Previously only one RealFileSystem instance was available, and its working
directory is shared with the process. This doesn't work well for multithreaded
programs that want to work with relative paths - the vfs::FileSystem is assumed
to provide the working directory, but a thread cannot control this exclusively.

The new vfs::createPhysicalFileSystem() factory copies the process's working
directory initially, and then allows it to be independently modified.

This implementation records the working directory path, and glues it to relative
paths to provide the correct absolute path to the sys::fs:: functions.
This will give different results in unusual situations (e.g. the CWD is moved).

The main alternative is the use of openat(), fstatat(), etc to ask the OS to
resolve paths relative to a directory handle which can be kept open. This is
more robust. There are two reasons not to do this initially:

  1. these functions are not available on all supported Unixes, and are somewhere between difficult and unavailable on Windows. So we need a path-based fallback anyway.
  2. this would mean also adding support at the llvm::sys::fs level, which is a larger project. My clearest idea is an OS-specific BaseDirectory object that can be optionally passed to functions there. Eventually this could be backed by either paths or a fd where openat() is supported.

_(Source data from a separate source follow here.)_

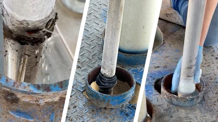 SylWrap HD is a composite repair wrap containing a water activated resin. As it was wrapped and smoothed around the Wrap & Seal, it cured to form a rock-hard protective sleeve over the pipe.
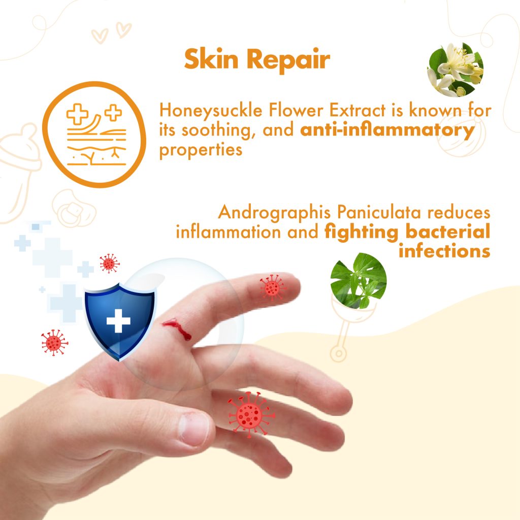 A gentle, moisturizing cleanser in creamy foam which ideal for sensitive skin and accelerating skin repair, including minor cuts. Safe for babies and suitable for adults, it’s enriched with anti-oxidant and made with natural origin ingredients. This soap-free formula effectively kills 99.99% of germs and bacteria, while its antioxidant properties and anti-inflammatory benefits maintain pH balance. Perfect for daily use, BerryC ensures clean, nourished, and rapidly healing skin for the whole family.
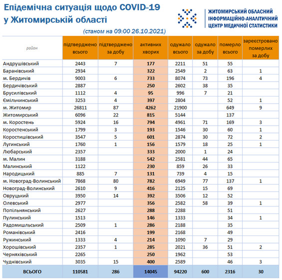 Станом на ранок 26 жовтня 2021 року в Житомирській області лабораторно підтверджено 110581 випадок коронавірусної хвороби, з них 286 виявили упродовж минулої доби, 25 жовтня. Загалом від ускладнень СOVID-19 в області померли 2316 людей, упродовж минулої доби зафіксували 30 летальних випадків.
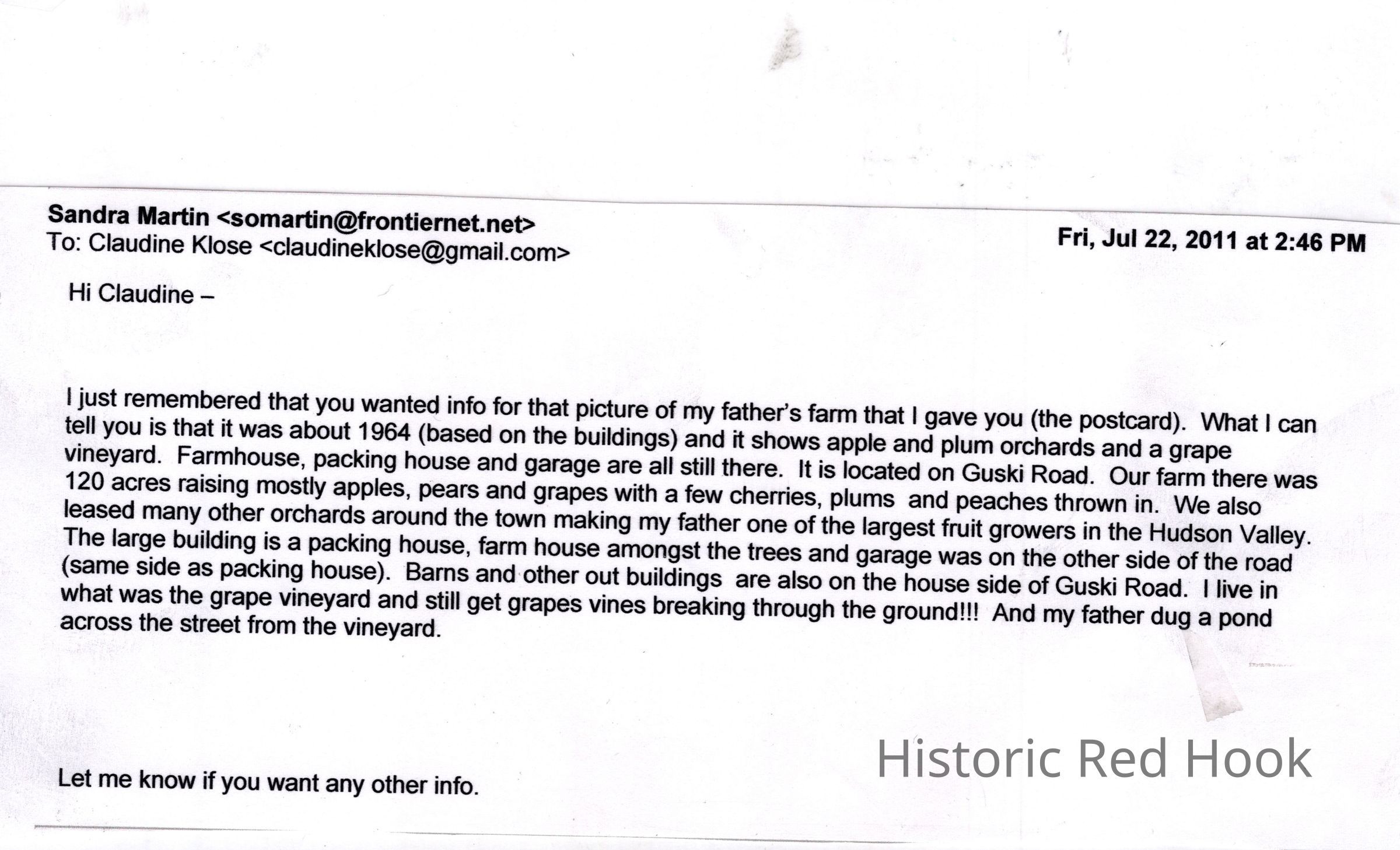Aerial view of the Martin farm on Guski Road in Red Hook, NY, 1964, with notes from Sandra Martin.
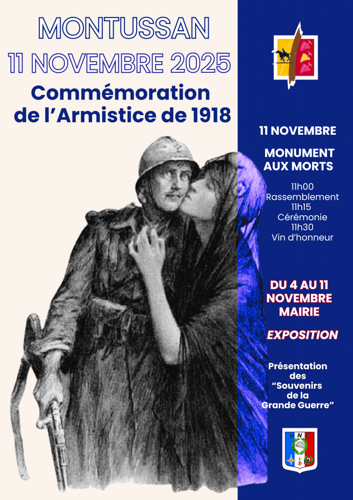 La municipalité et l’Union des Anciens Combattants de Montussan vous convient à assister à la commémoration du 107e anniversaire de l’Armistice du 11 novembre 1918 :

This is a large project, and demonstrating here that a path-based fallback works is a useful prerequisite.

There is some subtlety to the path-manipulation mechanism:

  • when setting the working directory, both Specified=makeAbsolute(path) and Resolved=realpath(path) are recorded. These may differ in the presence of symlinks.
  • getCurrentWorkingDirectory() and makeAbsolute() use Specified - this is similar to the behavior of $PWD and sys::path::current_path
  • IO operations like openFileForRead use Resolved. This is similar to the behavior of an openat() based implementation, that doesn't see changes in symlinks.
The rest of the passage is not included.